AT&T-Time Warner: Is there anything in it for you?
AT&T (T) Chief Executive Randall Stephenson, whose planned $85.4 billion acquisition of Time Warner (TWX) stunned Wall Street and aroused concerns in Congress, has already started laying out his case for why the megadeal won’t hurt consumers.
In a public appearance on Monday with his Time Warner counterpart, Jeffrey Bewkes, at the WSJDLive conference in Laguna Beach, California, Stephenson unveiled plans for a so-called over-the-top $35-per-month streaming video service that would offer 100 premium channels and wouldn’t require a subscription to a cable and satellite provider.
It’s aimed at the mostly young consumers known as cord-cutters who are quitting traditional pay TV. Critics across the political spectrum and some Wall Street analysts, however, remain skeptical and wonder whether consumers will benefit from one of the biggest transactions in recent years.
“From my observations over the years, megamergers of this kind almost never benefit average people,” wrote Dan Gilmore, a professor at Arizona State University’s Walter Cronkite School of Journalism and Mass Communications, in an email. “The people who benefit the most are executives, investment bankers and shareholders [of the acquired company]. I doubt this will be any different, assuming it’s permitted to proceed.”
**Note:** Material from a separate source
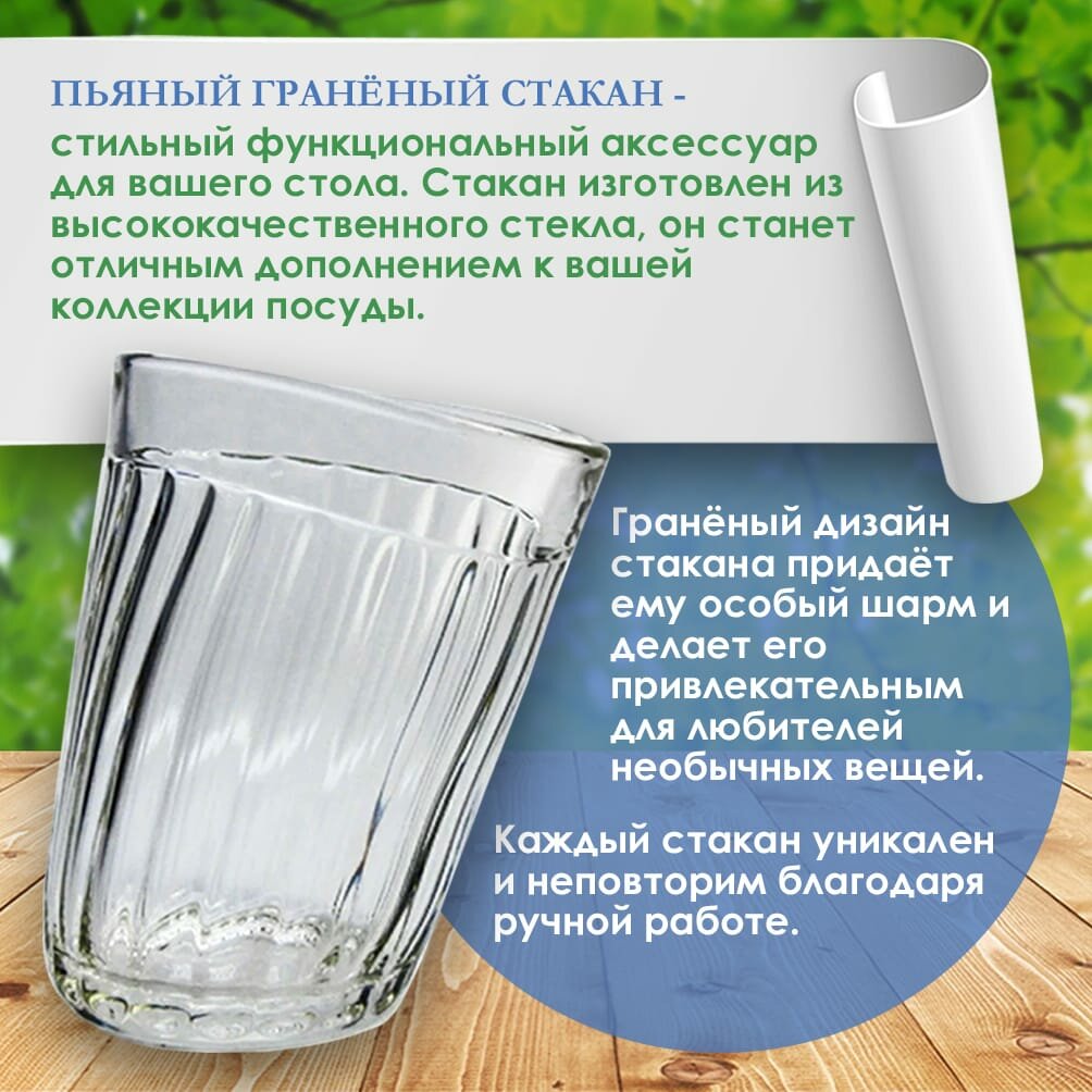 Пьяный граненый стакан (250 мл), ручная работа информация:

AT&T’s acquisition of Time Warner is known as a vertical deal because it would bring together the distribution of the largest satellite-TV provider and the second-largest wireless company with the content produced by the HBO premium cable channel and the Warner Bros. film studios. It’s similar to Comcast’s (CMCSA) 2011 acquisition of the NBC Universal media and entertainment conglomerate.
AT&T and rival Verizon (VZ) have expanded into original content as growth in their core wireless markets withered. However, Verizon’s acquisition of AOL for $4.4 billion and its planned $4.8 billion purchase of Yahoo (YHOO) are modest by comparison. Government regulators have blocked other avenues for growth, including AT&T’s attempted $39 billion purchase of T-Mobile (TMUS) in 2011 and Comcast’s proposed $45 billion acquisition of Time Warner Cable.
“A lot of these companies are so big that the only way that they can legally merge is if they do it vertically,” said Christopher L. Sagers, a professor of law at the Cleveland-Marshall School of Law. “The companies themselves say we ought to be able to do vertical mergers because everybody thinks that vertical mergers are less likely to harm consumers.”
But consumers could be harmed if a combined AT&T-Time Warner decides to act as a “gatekeeper” and favor its own content compared with its rivals, according to the deal’s critics.
The history of the pay-TV industry underscores their worries. Consumers saw their average monthly cable and satellite-TV bills rise 39 percent between 2010 and 2015, according to market researcher Leichtman Associates. Many reasons for this increase are beyond the operators’ control, including the surging fees that TV networks charge cable and satellite providers to carry their programs.
When it bought NBC Universal, Philadelphia-based Comcast agreed to 150 different conditions as part of a consent decree it entered into with regulators, including a provision that prohibits Comcast from exempting its content used in its Stream TV streaming service from data caps.
But open-internet advocate Public Knowledge filed a complaint with the FCC saying that’s indeed happening. A Comcast spokeswoman argues that Stream TV doesn’t go over the internet, so it isn’t covered by the consent decree.
This is the kind of issue that seems sure to come up as regulators and consumer advocates take a close look at the AT&T-Time Warner deal. And how it and other such anticompetitive issues are viewed will go a long way to deciding the ultimate fate of the proposed merger.